TASK DETAILS: Omit every picture, then return the listing verbatim.

RECORDED DATA:
===
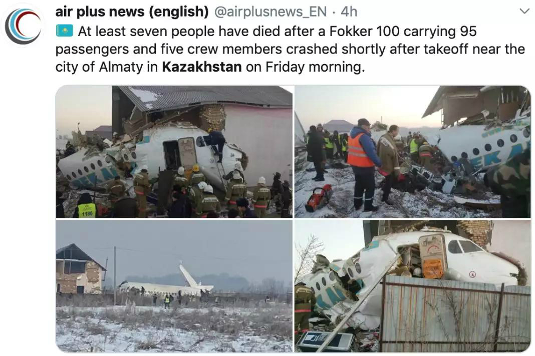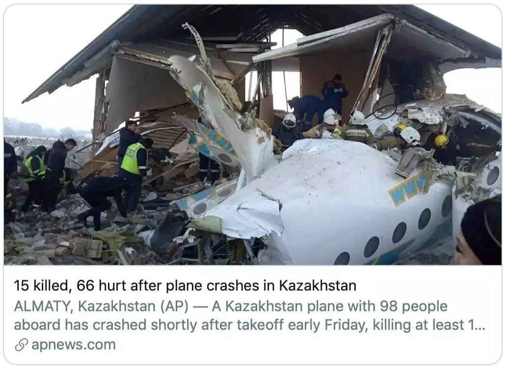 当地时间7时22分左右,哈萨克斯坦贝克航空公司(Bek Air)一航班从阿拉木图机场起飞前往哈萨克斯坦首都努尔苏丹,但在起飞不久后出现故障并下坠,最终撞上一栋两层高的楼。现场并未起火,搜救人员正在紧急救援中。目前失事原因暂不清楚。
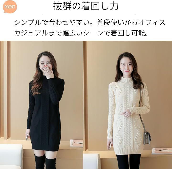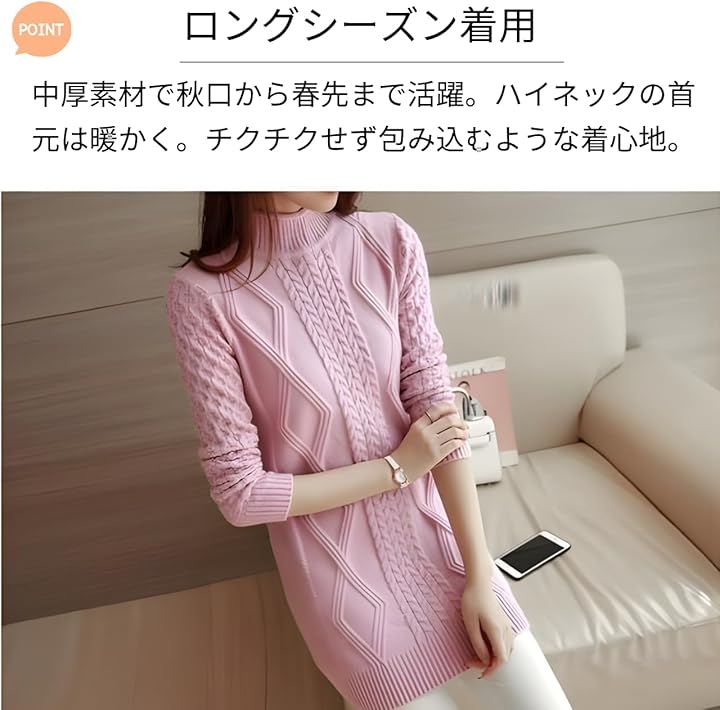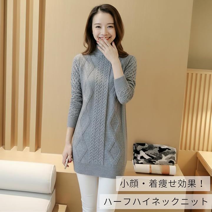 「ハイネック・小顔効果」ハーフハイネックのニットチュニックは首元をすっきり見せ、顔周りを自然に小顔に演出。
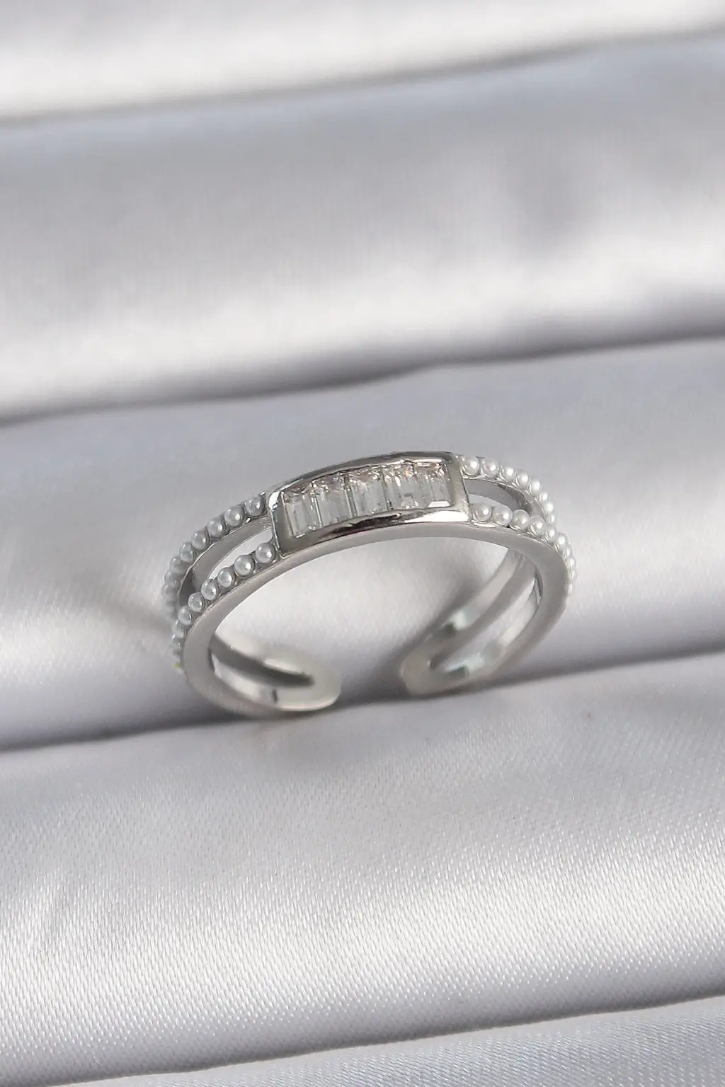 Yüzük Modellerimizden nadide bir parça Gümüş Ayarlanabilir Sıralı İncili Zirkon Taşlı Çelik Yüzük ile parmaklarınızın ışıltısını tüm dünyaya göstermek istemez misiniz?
===
OUTPUT FOR THIS TASK:
 当地时间7时22分左右,哈萨克斯坦贝克航空公司(Bek Air)一航班从阿拉木图机场起飞前往哈萨克斯坦首都努尔苏丹,但在起飞不久后出现故障并下坠,最终撞上一栋两层高的楼。现场并未起火,搜救人员正在紧急救援中。目前失事原因暂不清楚。
 「ハイネック・小顔効果」ハーフハイネックのニットチュニックは首元をすっきり見せ、顔周りを自然に小顔に演出。
 Yüzük Modellerimizden nadide bir parça Gümüş Ayarlanabilir Sıralı İncili Zirkon Taşlı Çelik Yüzük ile parmaklarınızın ışıltısını tüm dünyaya göstermek istemez misiniz?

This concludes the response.